- [EXTRACTED MATERIAL]
=== Begin Enclosure ===
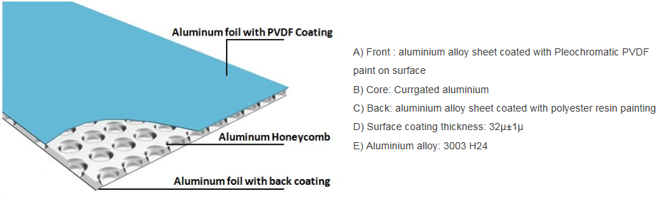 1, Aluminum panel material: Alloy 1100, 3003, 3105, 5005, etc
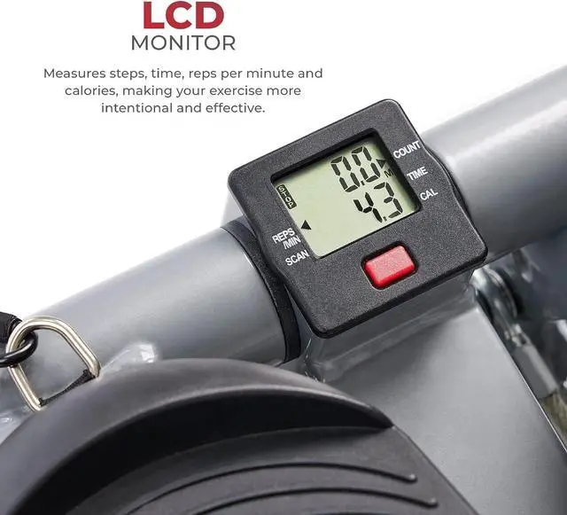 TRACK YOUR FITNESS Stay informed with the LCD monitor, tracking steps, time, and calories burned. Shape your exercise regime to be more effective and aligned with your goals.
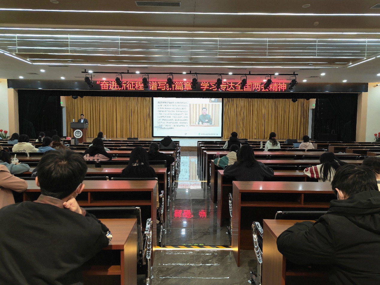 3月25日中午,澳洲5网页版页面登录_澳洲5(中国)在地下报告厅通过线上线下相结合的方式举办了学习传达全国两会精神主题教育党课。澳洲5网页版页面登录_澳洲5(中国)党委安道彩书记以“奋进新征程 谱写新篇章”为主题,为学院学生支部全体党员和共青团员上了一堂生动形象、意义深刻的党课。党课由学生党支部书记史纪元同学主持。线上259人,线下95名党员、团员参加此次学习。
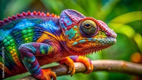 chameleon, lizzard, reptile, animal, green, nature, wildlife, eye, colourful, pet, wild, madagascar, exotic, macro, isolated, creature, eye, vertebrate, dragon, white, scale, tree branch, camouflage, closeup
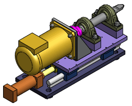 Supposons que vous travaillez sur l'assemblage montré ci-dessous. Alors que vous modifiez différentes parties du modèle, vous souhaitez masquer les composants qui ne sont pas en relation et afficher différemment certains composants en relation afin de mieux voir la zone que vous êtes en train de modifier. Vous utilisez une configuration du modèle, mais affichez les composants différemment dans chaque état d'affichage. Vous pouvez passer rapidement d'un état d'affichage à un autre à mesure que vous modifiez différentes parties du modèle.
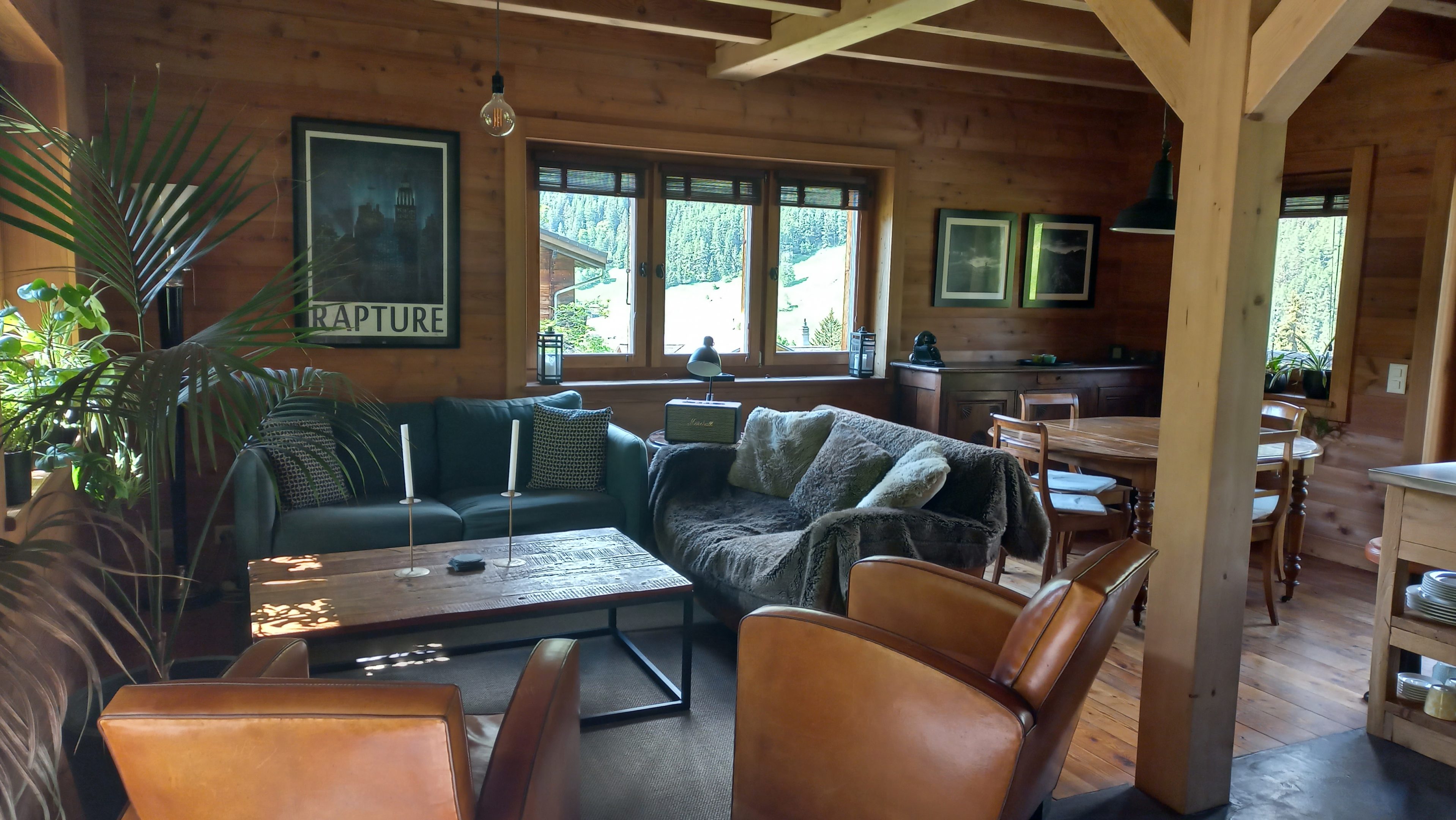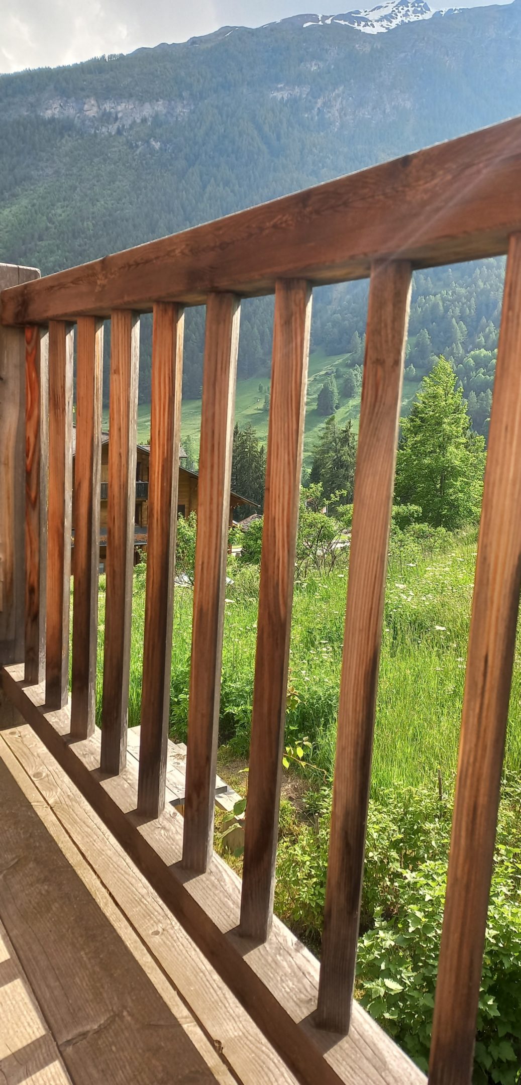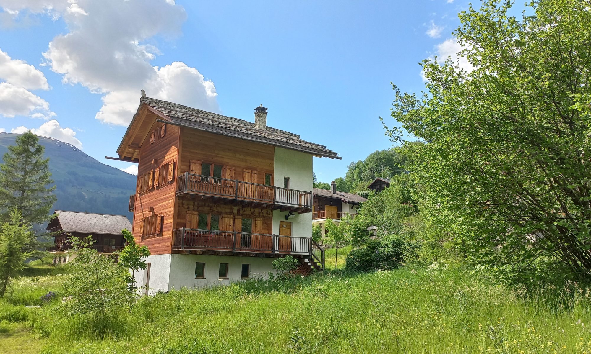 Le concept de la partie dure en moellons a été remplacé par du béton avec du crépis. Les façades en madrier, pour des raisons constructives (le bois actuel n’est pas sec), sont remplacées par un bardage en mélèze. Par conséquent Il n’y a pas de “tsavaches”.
=== End Enclosure ===
=== Begin Enclosure ===
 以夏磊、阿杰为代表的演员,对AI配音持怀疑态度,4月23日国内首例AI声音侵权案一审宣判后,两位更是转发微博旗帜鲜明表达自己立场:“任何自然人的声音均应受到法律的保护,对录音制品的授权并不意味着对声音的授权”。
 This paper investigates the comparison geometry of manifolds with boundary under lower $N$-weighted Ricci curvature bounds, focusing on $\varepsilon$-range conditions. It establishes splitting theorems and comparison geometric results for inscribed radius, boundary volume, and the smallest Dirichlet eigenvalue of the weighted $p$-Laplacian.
=== End Enclosure ===
=== Begin Enclosure ===
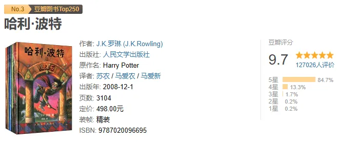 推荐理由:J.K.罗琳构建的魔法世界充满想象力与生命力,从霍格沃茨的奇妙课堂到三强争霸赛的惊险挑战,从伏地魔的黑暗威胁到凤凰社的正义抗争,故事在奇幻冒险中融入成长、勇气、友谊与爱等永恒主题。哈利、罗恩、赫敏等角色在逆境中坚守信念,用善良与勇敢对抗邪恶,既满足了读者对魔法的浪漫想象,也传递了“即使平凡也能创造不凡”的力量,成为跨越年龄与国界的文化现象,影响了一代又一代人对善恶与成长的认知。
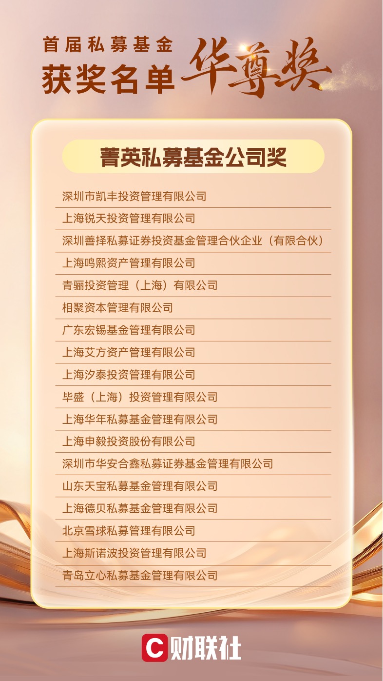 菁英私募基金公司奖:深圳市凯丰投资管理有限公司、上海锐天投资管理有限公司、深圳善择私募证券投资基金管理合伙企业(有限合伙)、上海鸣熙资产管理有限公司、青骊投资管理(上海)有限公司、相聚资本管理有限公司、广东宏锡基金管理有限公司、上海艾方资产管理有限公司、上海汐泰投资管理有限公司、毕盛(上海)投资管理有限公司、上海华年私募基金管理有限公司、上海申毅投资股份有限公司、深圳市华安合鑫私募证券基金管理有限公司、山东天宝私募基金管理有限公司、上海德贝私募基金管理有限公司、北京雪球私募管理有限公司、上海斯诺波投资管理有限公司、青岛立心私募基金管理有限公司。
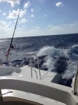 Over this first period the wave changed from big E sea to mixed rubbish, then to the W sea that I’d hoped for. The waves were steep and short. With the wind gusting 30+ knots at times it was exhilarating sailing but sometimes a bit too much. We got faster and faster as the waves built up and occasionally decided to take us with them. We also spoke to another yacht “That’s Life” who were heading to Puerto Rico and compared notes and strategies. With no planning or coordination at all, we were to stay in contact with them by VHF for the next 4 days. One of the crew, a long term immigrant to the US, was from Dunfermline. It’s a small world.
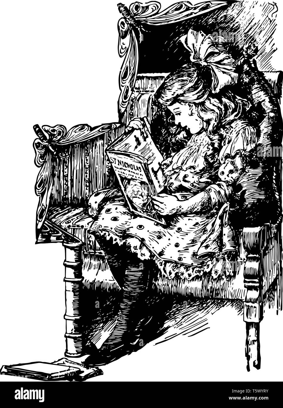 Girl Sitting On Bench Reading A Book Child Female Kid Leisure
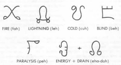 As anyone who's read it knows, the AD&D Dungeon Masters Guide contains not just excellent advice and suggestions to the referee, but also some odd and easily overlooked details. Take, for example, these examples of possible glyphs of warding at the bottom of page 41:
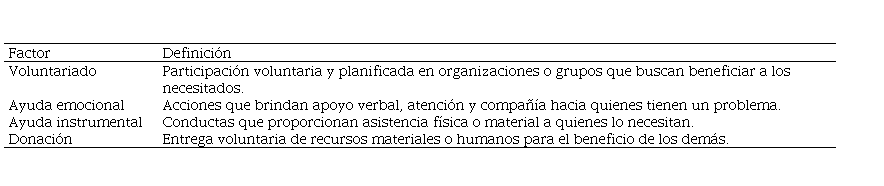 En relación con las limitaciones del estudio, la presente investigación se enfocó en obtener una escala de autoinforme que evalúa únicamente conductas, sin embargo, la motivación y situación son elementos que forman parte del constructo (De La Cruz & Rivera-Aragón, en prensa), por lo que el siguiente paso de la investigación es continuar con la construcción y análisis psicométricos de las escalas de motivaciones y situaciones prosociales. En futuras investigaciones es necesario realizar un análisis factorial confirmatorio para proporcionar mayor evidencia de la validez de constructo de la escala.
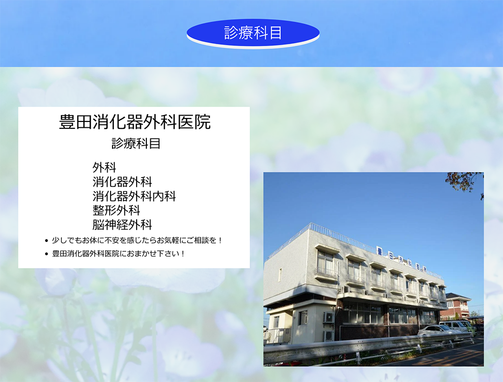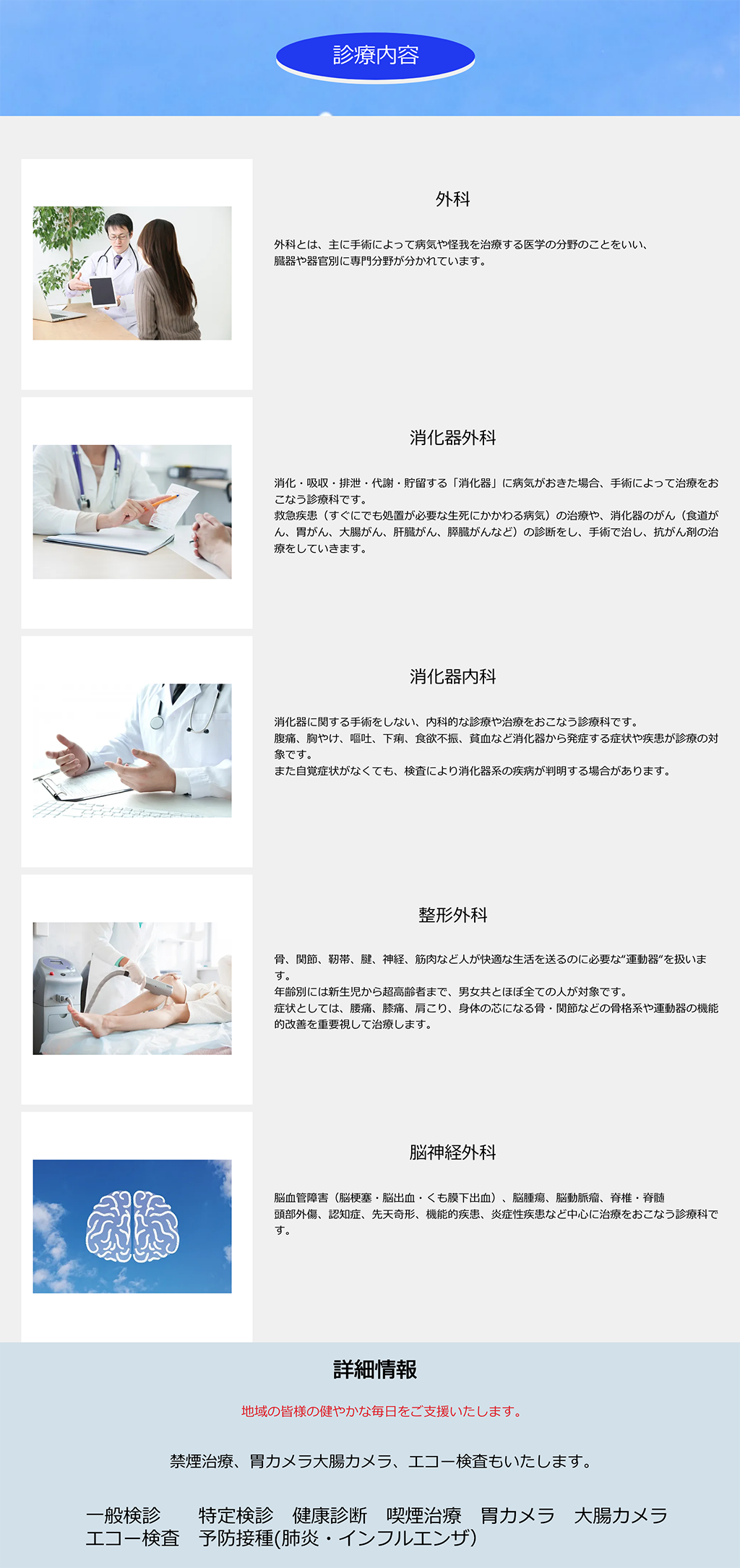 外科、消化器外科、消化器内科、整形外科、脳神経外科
=== End Enclosure ===
- [EXERCISE DIRECTIONS]
Look above for the line with "1, Aluminum panel" and the line with "TRACK YOUR FITNESS". Give again exactly those two lines and all lines between them, pictures excluded.

- [ANSWER SPACE]
 1, Aluminum panel material: Alloy 1100, 3003, 3105, 5005, etc
 TRACK YOUR FITNESS Stay informed with the LCD monitor, tracking steps, time, and calories burned. Shape your exercise regime to be more effective and aligned with your goals.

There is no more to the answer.